_WHAT NEEDS TO BE DONE_
When you restate the data, keep every word as it is and drop the images.

(Recorded data)
=== Begin Enclosure ===
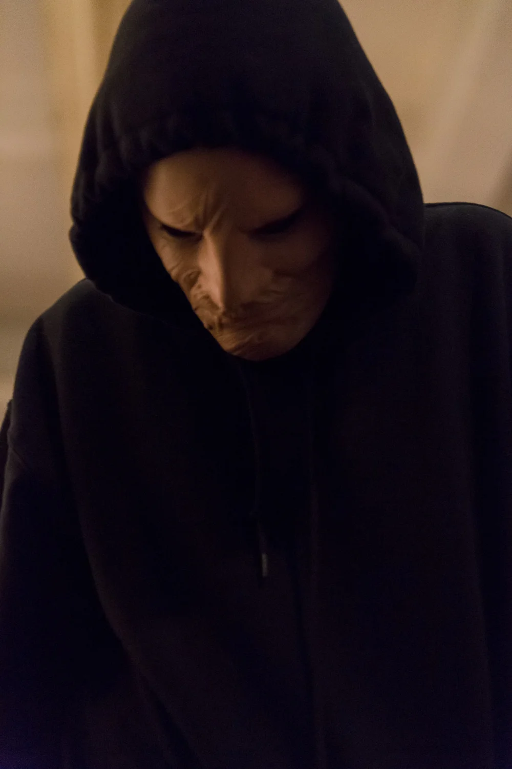 In Internet Ballade, the burnt latex face mask worn by Cécile di Giovanni could evoke a corrupted identity — a scorched surface standing in for the self, marked by trauma, digital saturation, or collective memory. Both protective and disfiguring, the mask becomes a ghostly interface: a ritual object shaped by the aesthetics of horror, cosplay, and internet simulacra. It reflects the violence of visibility in online culture, while also hinting at the monstrous tenderness of bodies shaped by screens.
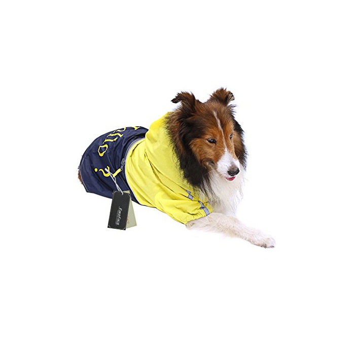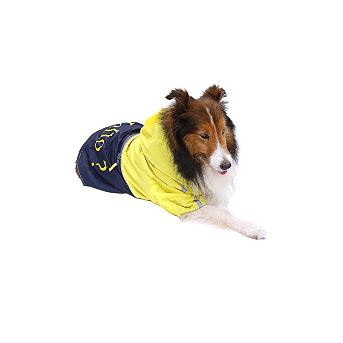 FAKEFACE (Baoxinjp)개 레인 코트 대형견 중형견 우비 애완동물용 복모자 부착 멋장이 도그 레인 코트 레인 판초 도그 웨어 사모에도 허스키 섶나무견 레토리바 대중형 견용레인 칼파
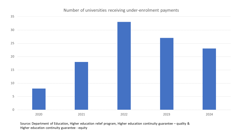 The number of universities receiving payments also fell, but remained at over half the sector in 2024. In that year three universities received less than $50,000 from the Guarantee, so with very slightly different EFTSL outcomes the number of recipients would have been lower.
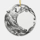 Stammesdesign mit einem Wolf auf einem Halbmond in Schwarz, Grau und Weiß.
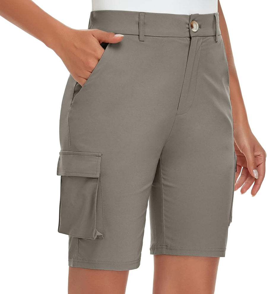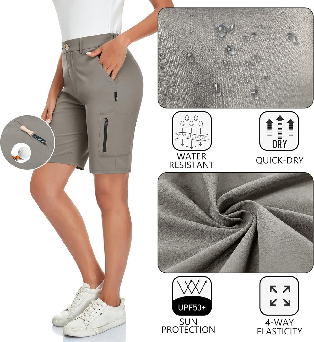 Soneven Stretch Damen Bermuda Shorts High Waist Leichte Cargo Shorts Wanderhose Kurz Zip Off mit Rei
=== End Enclosure ===
_ANSWER BOX_
 In Internet Ballade, the burnt latex face mask worn by Cécile di Giovanni could evoke a corrupted identity — a scorched surface standing in for the self, marked by trauma, digital saturation, or collective memory. Both protective and disfiguring, the mask becomes a ghostly interface: a ritual object shaped by the aesthetics of horror, cosplay, and internet simulacra. It reflects the violence of visibility in online culture, while also hinting at the monstrous tenderness of bodies shaped by screens.
 FAKEFACE (Baoxinjp)개 레인 코트 대형견 중형견 우비 애완동물용 복모자 부착 멋장이 도그 레인 코트 레인 판초 도그 웨어 사모에도 허스키 섶나무견 레토리바 대중형 견용레인 칼파
 The number of universities receiving payments also fell, but remained at over half the sector in 2024. In that year three universities received less than $50,000 from the Guarantee, so with very slightly different EFTSL outcomes the number of recipients would have been lower.
 Stammesdesign mit einem Wolf auf einem Halbmond in Schwarz, Grau und Weiß.
 Soneven Stretch Damen Bermuda Shorts High Waist Leichte Cargo Shorts Wanderhose Kurz Zip Off mit Rei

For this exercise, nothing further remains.